■ Material to process
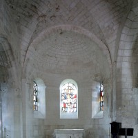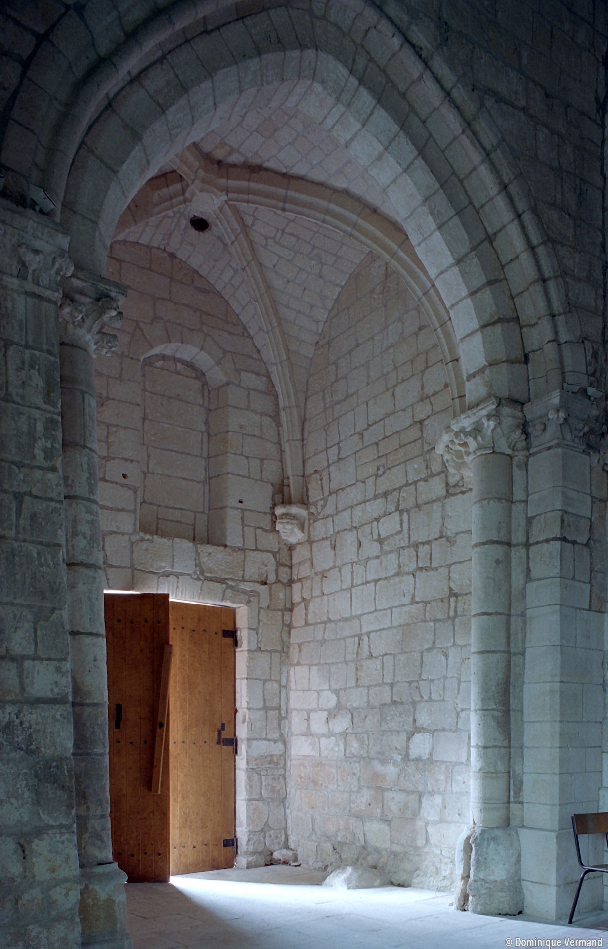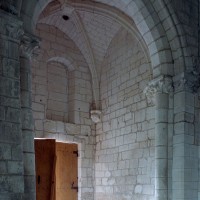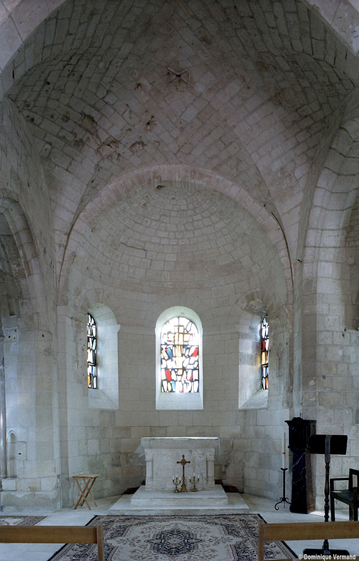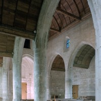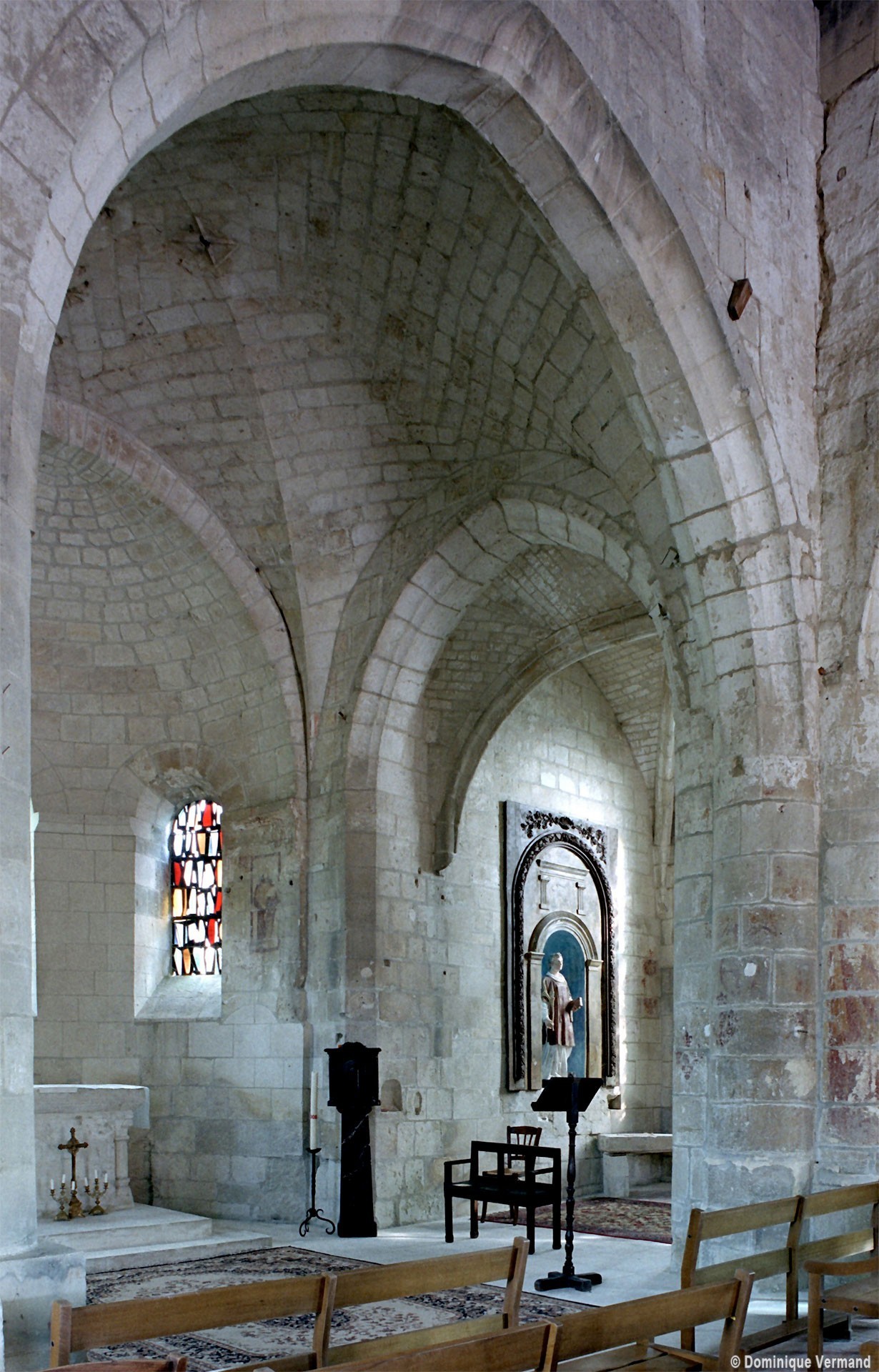 Partie la plus intéressante, la nef est remarquable par ses grandes arcades qui occupent plus des trois-quarts de l’élévation totale et retombent sur de minces piles circulaires, ouvrant ainsi largement l’espace sur les bas-côtés. Faute de place, les fenêtres hautes sont minuscules et ouvertes entre les arcades et non au-dessus comme c’est généralement l’usage. A l’extérieur, on remarquera les petites toitures avec pignon associées à chaque travée des bas-côtés et l’austère clocher porche, de plan rectangulaire et couvert d’une bâtière. Parmi le mobilier, on note un rare autel roman, avec colonnettes, contemporain de l’abside (2009).
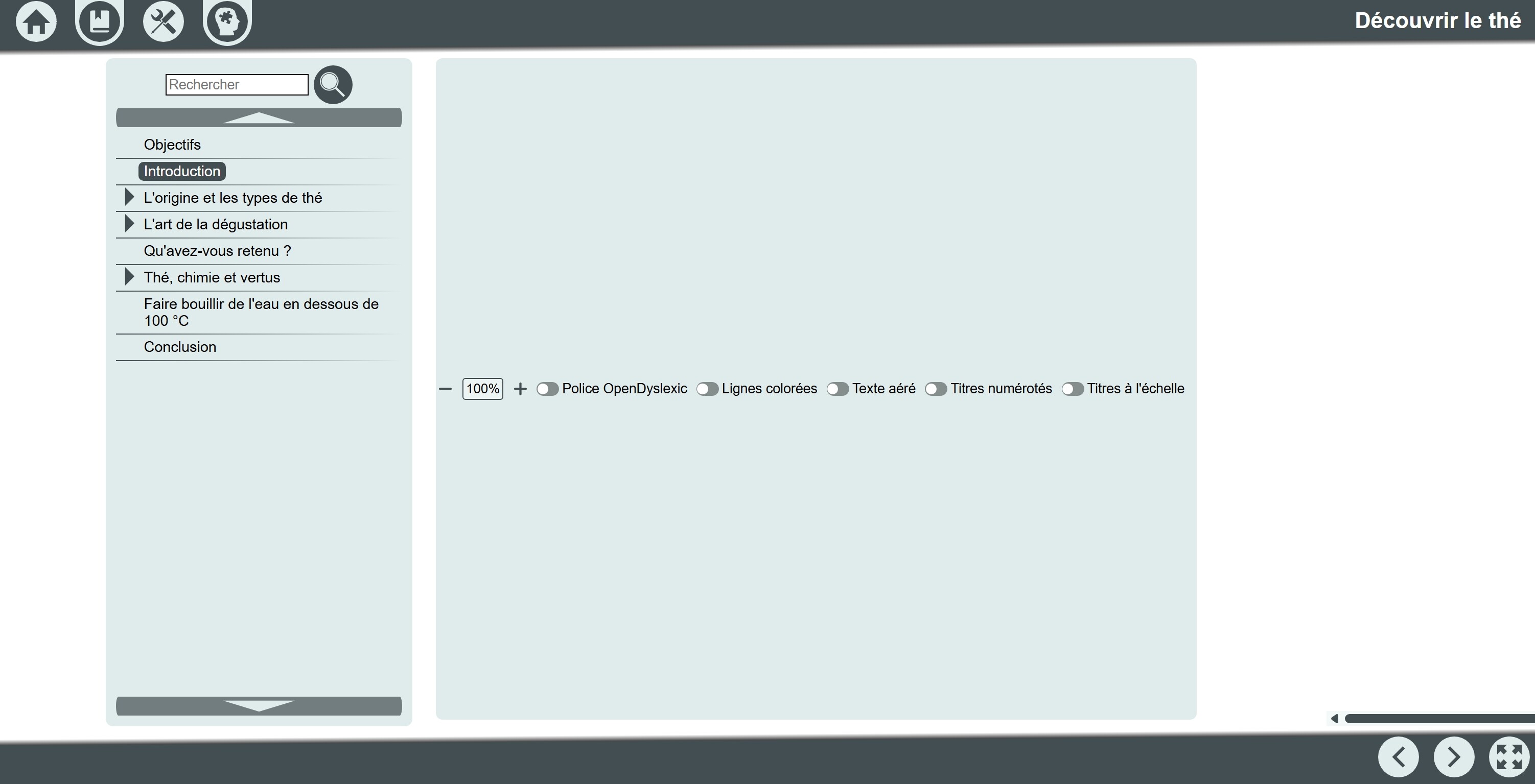 En activant la « Barre d’outil accessibilité » dans les paramètres de publication dans un modèle Opale 25 et en générant du contenu (en web et en scorm 1.2) avec l’habillage Aurora (Skinpack Aurora version 25.2 & Opale 25 Version (25.1.1)).
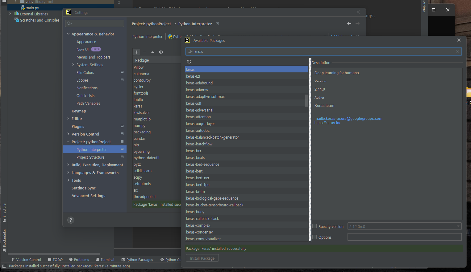 -> pip, setuptools, numpy, pandas, matplotlib, sklearn, tqdm, keras, tensorflow 설치
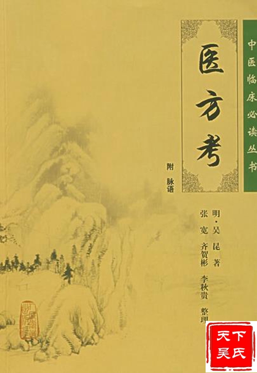 方剂之贡献 吴氏壮年曾致力医方研究。这是因为吴氏从医十八年后,贽见过一些医家,其中什九既昧于经论,又多不谙方旨药性,故疗病每使病人难愈。为此吴氏发志取医方七百余首,按证排列,逐方发其微义,书称《医方考》,计六卷。这是一部从临床实用着眼的医方。全书分七十二门,包括内、外、妇、儿、五官各科证候。各门首叙病因,次列方剂,再列适用证候及用法、注意事项等。尤其值得重视的是每方后所附之方解,考证精详,文字清晰,很见功力。使读者不仅易于领会方旨,且可便于掌握治病用药,方剂加减之要领。
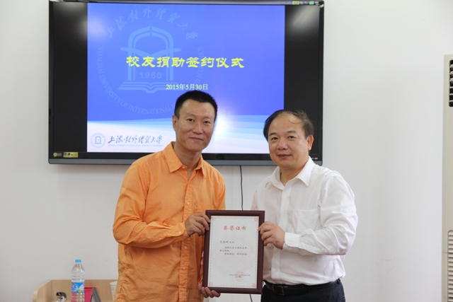 | 2015年5月30日下午13时30分,前来参加国际经贸学院55周年院庆的国际经贸学院89级校友无锡市吉润国际贸易有限公司董事长范恒明先生向两名国际经贸学院14级贫困学生捐资助学。捐助仪式在必赢626net入口首页松江校区博识楼312举行。出席捐助仪式的领导有:国际经贸学院院长黄建忠教授,校合作处发展处处长文温耀庆教授,学院党委副书记张彦老师。捐助仪式由国际经贸学院辅导员邵雅菁老师主持。 首先,邵老师介绍了出席本次捐助仪式的嘉宾,并向范恒明校友简要介绍了两位贫困学生的基本状况:两位贫困学生分别来自贵州与安徽,就读我院经济学、物流管理专业,品学兼优但是家境困难,难以负担每年的学费及生活费用。有鉴于此,范恒明先生慷慨解囊捐资助学,分别资助两人每年两万和三万元帮助两名寒门学弟顺利完成学业。随后温耀庆处长代表学校与范恒明先生签订助学金捐助协议。协议签订后,黄院长代表学院向范恒明先生致以谢意。他高度肯定了范恒明先生关心母校发展,热心捐资助学的善举,赞扬了范恒明先生心系教育,关爱母校贫困学子的优秀品质,同时也希望两位受助学生专心读书,向校友学习,学会感恩,学会担当。范恒明先生鼓励两位同学克服困难,发愤读书,用知识改变命运,并表示愿意为两位同学进一步提供力所能及的帮助,消除他们的后顾之忧。最后,黄院长向范恒明先生授予校友捐助证书,全体合影留念。 |

■ Action item
In the listing above, find the line with "keras, tensorflow 설치" and the line with "方剂之贡献 吴氏壮年曾致力医". Set down both and every line between them, minus the pictures.

■ Response box
 -> pip, setuptools, numpy, pandas, matplotlib, sklearn, tqdm, keras, tensorflow 설치
 方剂之贡献 吴氏壮年曾致力医方研究。这是因为吴氏从医十八年后,贽见过一些医家,其中什九既昧于经论,又多不谙方旨药性,故疗病每使病人难愈。为此吴氏发志取医方七百余首,按证排列,逐方发其微义,书称《医方考》,计六卷。这是一部从临床实用着眼的医方。全书分七十二门,包括内、外、妇、儿、五官各科证候。各门首叙病因,次列方剂,再列适用证候及用法、注意事项等。尤其值得重视的是每方后所附之方解,考证精详,文字清晰,很见功力。使读者不仅易于领会方旨,且可便于掌握治病用药,方剂加减之要领。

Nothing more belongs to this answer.